American art historian, photographer and educator

Carol Armstrong is an American professor, art historian, art critic, and photographer. Armstrong teaches and writes about 19th-century French art, the history of photography, the history and practice of art criticism, feminist theory and women and gender representation in visual culture.

==Education==
Armstrong received her Ph.D. from Princeton University's Department of Art and Archaeology.

==Career==
Armstrong taught at the University of California, Berkeley, where she was a Townsend Fellow, and received tenure in 1990. She then taught at the Graduate Center of the City University of New York. She joined the tenured faculty at Princeton University and became the Doris Stevens Professor of Women's Studies in 1999. Later, she was the director of the program in the study of women and gender from 2004 to 2007.

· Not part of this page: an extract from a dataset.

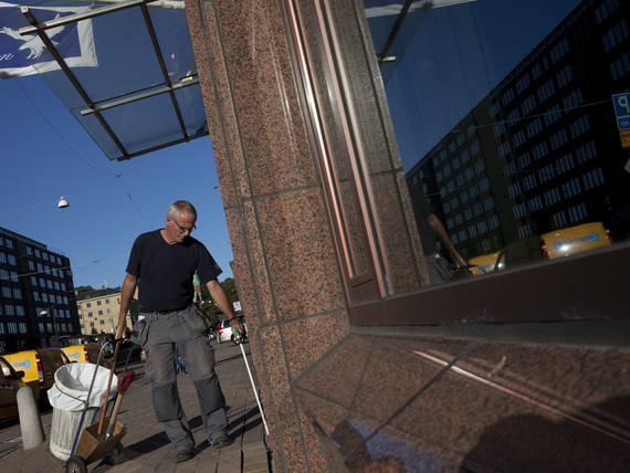 Man städar utanför fastighet.

Armstrong then joined the faculty at Yale University in 2007, where she is a professor of the History of Art, and the director of undergraduate studies in art history. At Yale, she is also affiliated with the women's, gender, and sexuality studies, the film and media studies program, and the French department.

Armstrong has curated exhibitions at the J. Paul Getty Museum, Princeton University Art Museum, The Drawing Center in New York, the Yale Center for British Art and the Yale University School of Art's Edgewood Gallery.

==Awards and honors==
In 1994, she was awarded a Guggenheim Fellowship. She was awarded the Charles Rufus Morey Book Award in 1993 from the College Arts Association for her book Odd Man Out: Readings of the Work and Reputation of Edgar Degas, published by the University of Chicago Press.

== Selected publications ==
- Odd Man Out: Readings of the Work and Reputation of Edgar Degas, The University of Chicago Press, 1991. CAA Charles Rufus Morey Book Award 1993. Republished as a paperback by Getty Research Center Publications in 2006.
- Scenes in a Library: Reading the Photograph in the Book, 1843-1875, M.I.T. Press (October Books), Fall 1998.
- A Degas sketchbook, J Paul Getty Museum Publications, 2000.
- Manet Manette, Yale University Press (London), 2002.
- Ocean Flowers, The Drawing Center (New York) and Princeton University Press, Spring 2004, co-editor and contributor.
- Cézanne in the Studio: Still Life in Watercolors, The J. Paul Getty Museum, 2004.
- Women Artists at the Millennium, coeditor (with Catherine de Zegher) and contributor, The MIT Press 2006.
- Degas: A Strange New Beauty, coauthor, Moma, 2016.
- Line Into Color, Color Into Line: Helen Frankenthaler, Paintings 1962-1987, contributor, Gagosian/Rizzoli, 2017.
- "The matter of still life: between Chardin and Morandi" (2026)

== Selected curatorial projects ==
- 2001 Camera Women, Princeton University Art Museum.
- 2004 Ocean Flowers: Impressions from Nature, The Drawing Center (New York). and the Yale Center for British Art
- 2004 Cézanne in the Studio: Still Life in Watercolors, The J. Paul Getty Museum.
- 2013 Lunch with Olympia, co-curator, Yale University School of Art’s Edgewood Gallery.